● TASK GOAL: Reproduce the listing below character for character; drop every image.

BEGIN

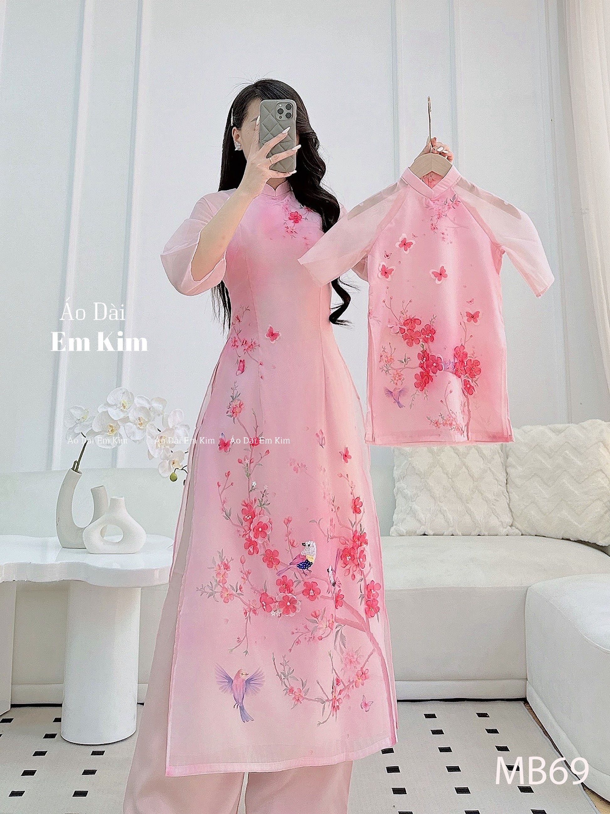 Pink floral Ao Dai |Bảng mẫu mẹ và bé| Ao Dai Me va Be modern silk organza| | Lunar New Year| MB69
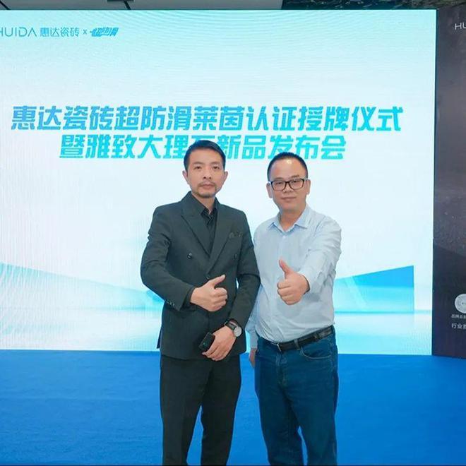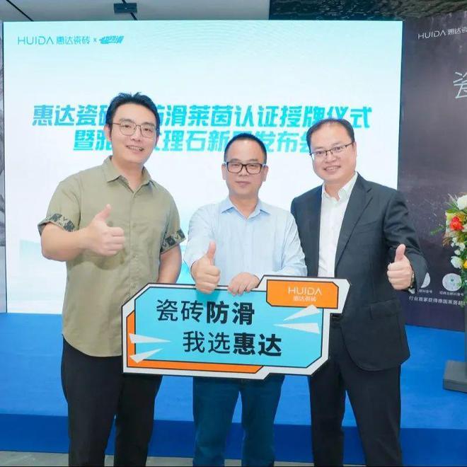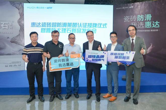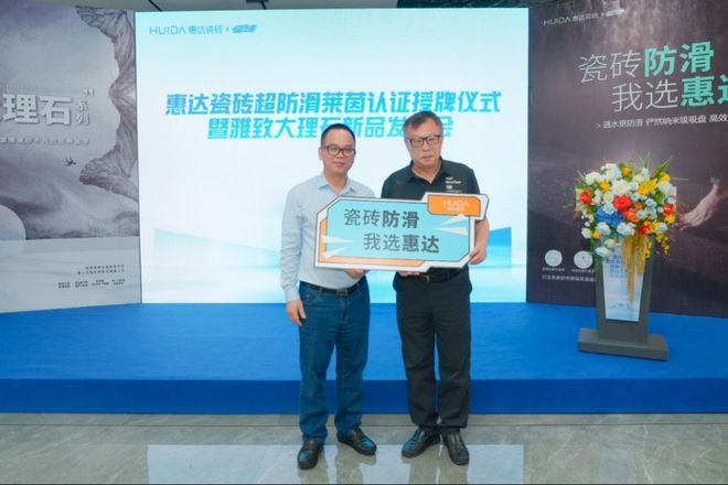 惠达更新四十余载,根深叶茂树百年。2023惠达瓷砖坚定不移的推动品牌高端化进程,“瓷砖防滑 我选惠达”的超防滑IP获得行业广泛关注。值此39届秋季佛山陶博会之际,惠达瓷砖国内首张“德国莱茵认证”超防滑证书颁发仪式暨第三代超防滑新品“雅致大理石”发布会于惠达全球运营中心圆满举行。
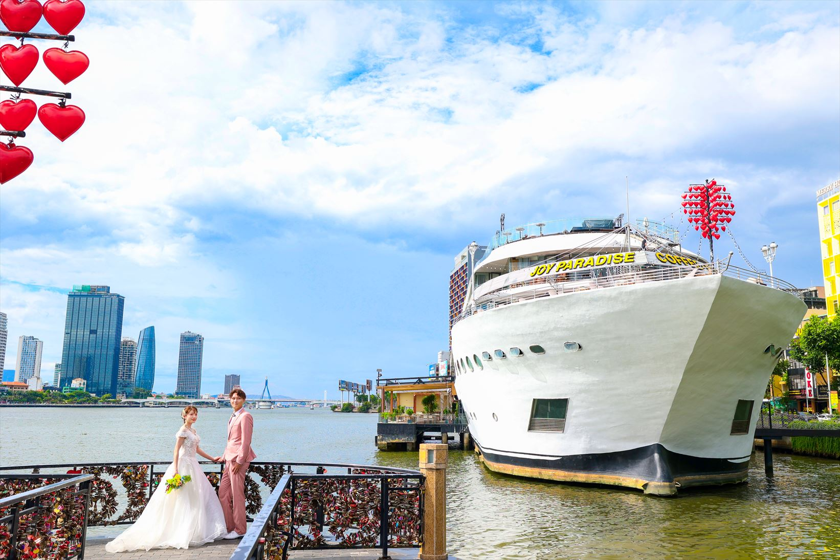 ダナンでのフォトウェディング。ホテルの敷地内、ビーチ、ダナン市内のマリーナにて撮影を行いました。
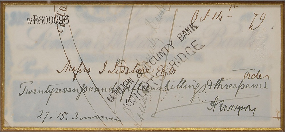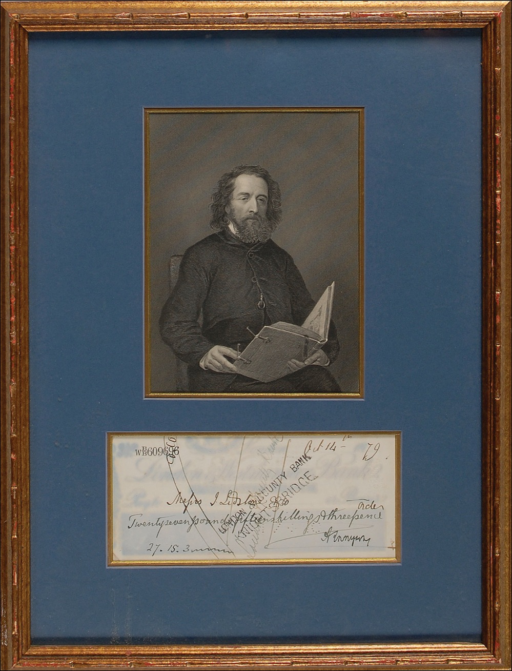 Distinguished British poet (1809–1892) who was one of the most highly regarded and influential literary figures of the Victorian era. Bank check, 7 x 3, filled out in another hand and signed by Tennyson, payable to Messrs. J. Lidstone & Co. for £27.15.3, October 14, 1879. Double matted and framed with an engraved portrait to an overall size of 12.5 x 17. Cancellation holes and signature to check body, and light overall fading to printed portions of signature, most likely from moisture exposure, but not affecting the bold signature, otherwise fine condition. RRAuction COA.
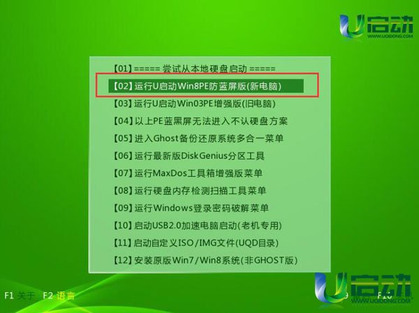 3、u启动菜单中选择【02】运行u启动win8PE防蓝屏版,按回车键执行它
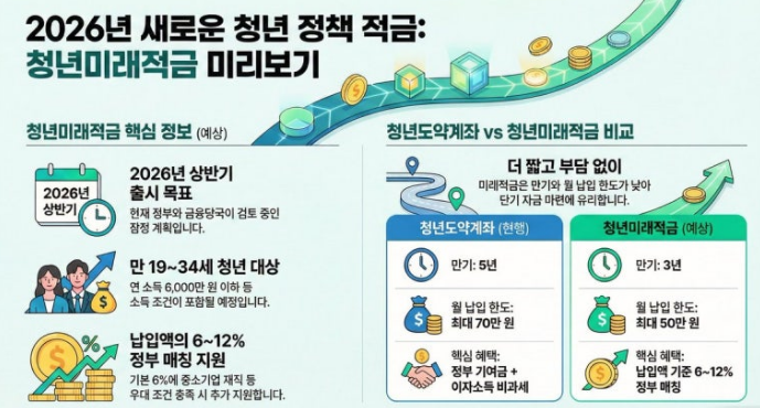 기존 청년도약계좌의 긴 만기 (5년) 부담을 줄이고, 지원 대상은 프리랜서와 소상공인까지 대폭 넓힌 것이 핵심입니다.

END

● YOUR RESPONSE:
 Pink floral Ao Dai |Bảng mẫu mẹ và bé| Ao Dai Me va Be modern silk organza| | Lunar New Year| MB69
 惠达更新四十余载,根深叶茂树百年。2023惠达瓷砖坚定不移的推动品牌高端化进程,“瓷砖防滑 我选惠达”的超防滑IP获得行业广泛关注。值此39届秋季佛山陶博会之际,惠达瓷砖国内首张“德国莱茵认证”超防滑证书颁发仪式暨第三代超防滑新品“雅致大理石”发布会于惠达全球运营中心圆满举行。
 ダナンでのフォトウェディング。ホテルの敷地内、ビーチ、ダナン市内のマリーナにて撮影を行いました。
 Distinguished British poet (1809–1892) who was one of the most highly regarded and influential literary figures of the Victorian era. Bank check, 7 x 3, filled out in another hand and signed by Tennyson, payable to Messrs. J. Lidstone & Co. for £27.15.3, October 14, 1879. Double matted and framed with an engraved portrait to an overall size of 12.5 x 17. Cancellation holes and signature to check body, and light overall fading to printed portions of signature, most likely from moisture exposure, but not affecting the bold signature, otherwise fine condition. RRAuction COA.
 3、u启动菜单中选择【02】运行u启动win8PE防蓝屏版,按回车键执行它
 기존 청년도약계좌의 긴 만기 (5년) 부담을 줄이고, 지원 대상은 프리랜서와 소상공인까지 대폭 넓힌 것이 핵심입니다.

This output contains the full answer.